- Directed by: Mark Osborne
- Screenplay by: Mark Osborne Adam Kline
- Based on: Escape from Hat by Adam Kline
- Produced by: Mark Osborne; Jinko Gotoh; Melissa Cobb;
- Countries: United Kingdom; United States;
- Language: English

= Escape from Hat =

Unreleased animated film

Escape from Hat is an unreleased animated fantasy film co-written and directed by Mark Osborne, based on the children's book of the same name by Adam Kline.

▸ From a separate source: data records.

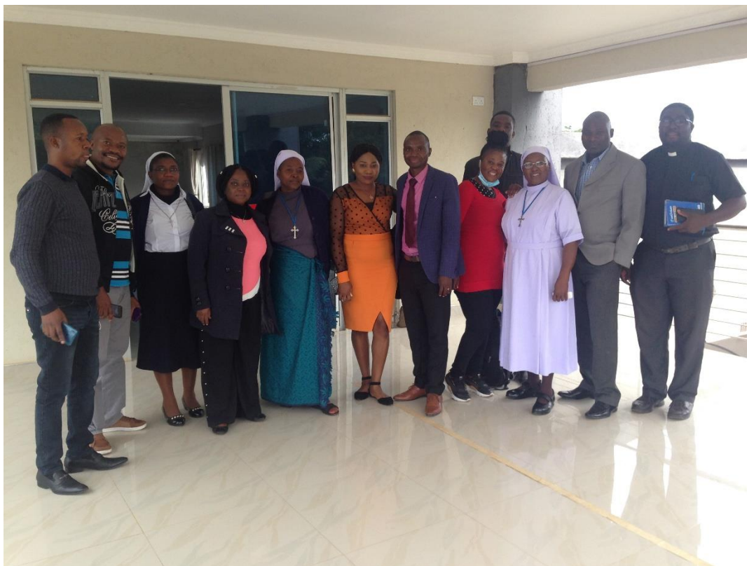
Participants pose for the photo after two day's training for Administrators, Program Officers and Accountants drawn from the Churches Health Institutions in Eastern Province. The training was held in Petauke from 3rd to 4th May, 2021 and was supported by CHAZ in order to prepare CHIs to implement the new HIV/TB grant.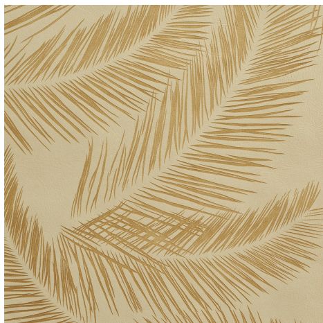
NNFR027 Fronds Apache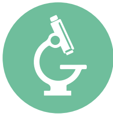
Allied health services

Council had provided a series of seven posters providing information about the following services, in particular the level of service in Cardinia as compared to metro Melbourne plus the service gaps that have been identified by participants in the workshop.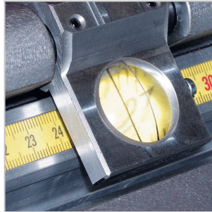
Length stop and measuring system MMS 100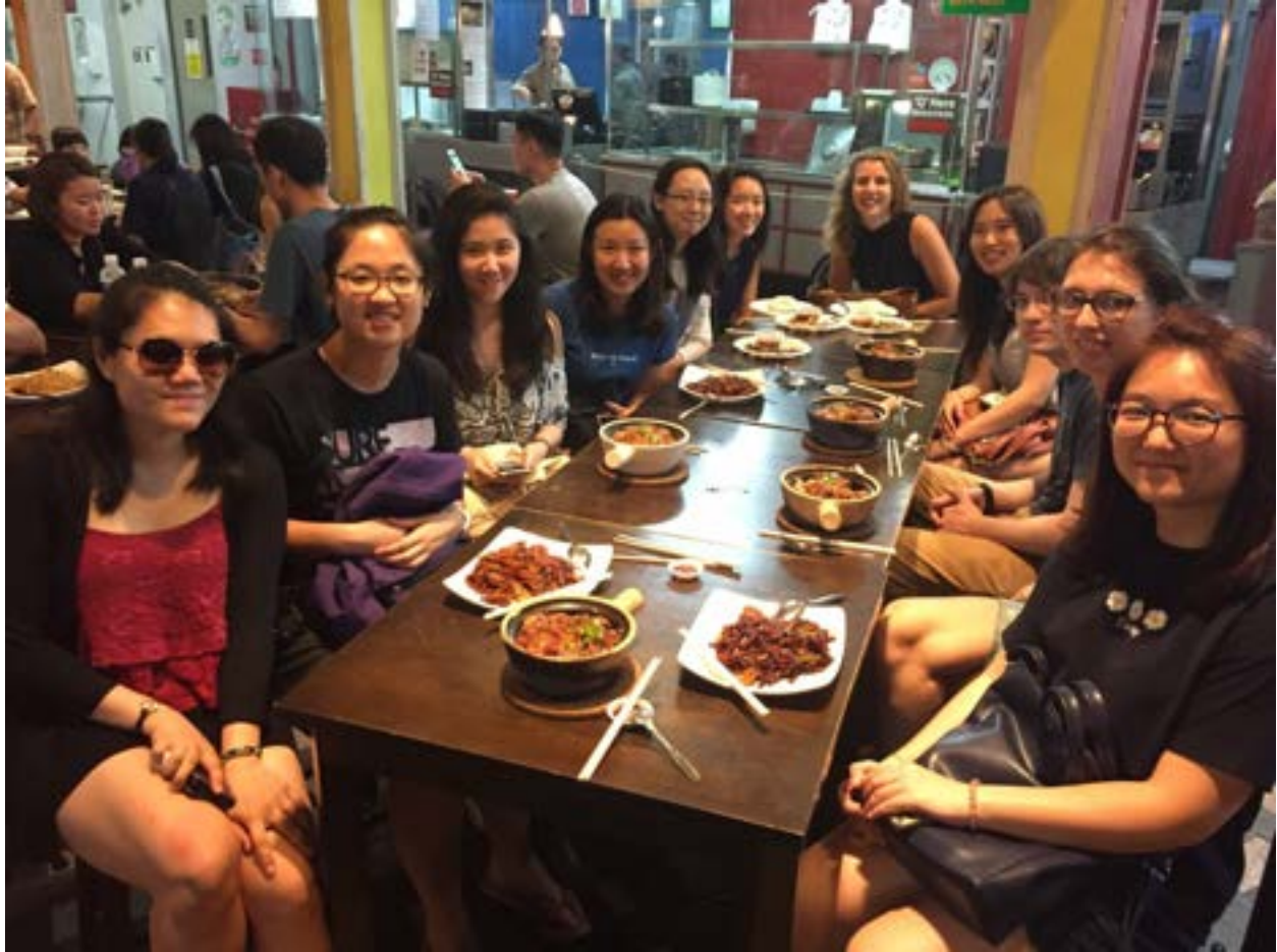
Trying local food

The film was set to be released on Netflix, but was canceled in 2022.

==Premise==
Leek, a desperate and magical rabbit rallies an unexpected band of allies and undertakes an impossible quest to escape from inside a magician's hat and defeating evil black cats as Leek returns to the human boy he dearly loves.

==Production==
===Development===
In April 2017, 20th Century Fox Animation and Blue Sky Studios had announced they would produce the animated film adaptation of Adam Kline's fantasy book "Escape from Hat" with Mark Osborne set to direct and co-write the script with Kline, and Jinko Gotoh producing the film along with Osborne. However, in November 2018, Netflix acquired the film rights and Melissa Cobb joined the production team. According to What's On Netflix, the film was reportedly no longer in development at Netflix.

===Animation===
Production of the film started in December 2018. In 2022, Netflix canceled production on the film.